I'm 28 years old and my husband will be 33 is a couple of months. I'm currently attending school and will be graduating in May with my masters degree. I'm ready to have a baby now, but regardless of the fact that we both have good jobs and own a home, my husband doesn't think that we are finally ready to have a baby. I believe that no body is ever 100% financially ready to have a baby (unless you have millions of dollars in the bank). Also, I don't want to wait too long to have a baby, because you never know how long is going to take to get pregnant. How do I approach this situation? Any advice is welcome...
Re: Ready for a baby...husband not so much! Any advice???
Talk to H about his fears, worries, and concerns. Ask him about what he would like for you guys to achieve/do before you bring a baby into the picture. Make sure he knows that you want to have a conversation about it to better understand him, not that you are trying to talk him into it. Once you learn more about what he wants, try to create a plan together. Be flexible and make compromises on what that timeline will look like.
This approach has been what has helped us. We created a plan to save X amount before we TTC. That amount is based off of research I've done into how much having a baby will cost with our health insurance, how much I'll lose in income during the first couple of months, and how much we will need for baby supplies and nursery. We have a plan for accomplishing this financial goal by saving the cost of daycare every month for a year. That way it is like we are practicing what our finances will be like when we do have a baby. Finally, we are also are planning a big international vacation beforehand, because that is something that H (and I) really want.
I still want a baby right NOW and H could still probably be happy if we never had one, but I think our plan has brought us closer together in our baby expectations.
I'm in a similar boat though, so I know how tough this is. Part of me wants a baby RIGHTNOW and the other part knows that it would be much better for us to wait at least another year. DH wants a baby too, but he's much more logical and knows it wouldn't make sense financially, or for a few logistical reasons, right now.

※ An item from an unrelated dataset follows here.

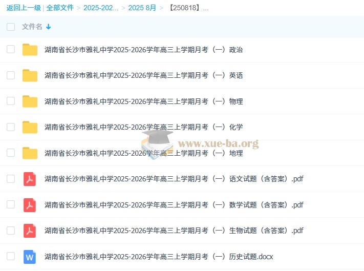 【250818】湖南省长沙市雅礼中学2025-2026学年高三上学期月考(一)(全科)

Talk about your finances. This was a huge thing for H. I told him I wanted to sit down and really talk about it. I prepared a baby budget using our income now, health ins. information, suspected start up costs and the price of the ONLY daycare we have available. We went over it in depth. Decided it would be great for me to be a SAHM and that with a good e fund, cash saved for a new used car, and his debt paid off we could more than afford a baby.
He wasn't ready for a baby rightthatsecond but he was happy to begin the process of preparing. That was a year ago and we are 9 months from TTC and he was looking at strollers at target on his own today. It is an amazing feeling to know when the time comes I wont be dragging him into it.
Really talk to him about everything. Try and make a plan. If he isn't ready to make a plan bring it up again in a few months. Good Luck!
Love: March 2010 Marriage: July 2013 Debt Free: October 2014 TTC: April 2015
Oscar born November 20, 2016 at 35w6d
This response is not topic related. I just cannot stop giggling at this Gif. That is without a doubt, a dog being a master jerk.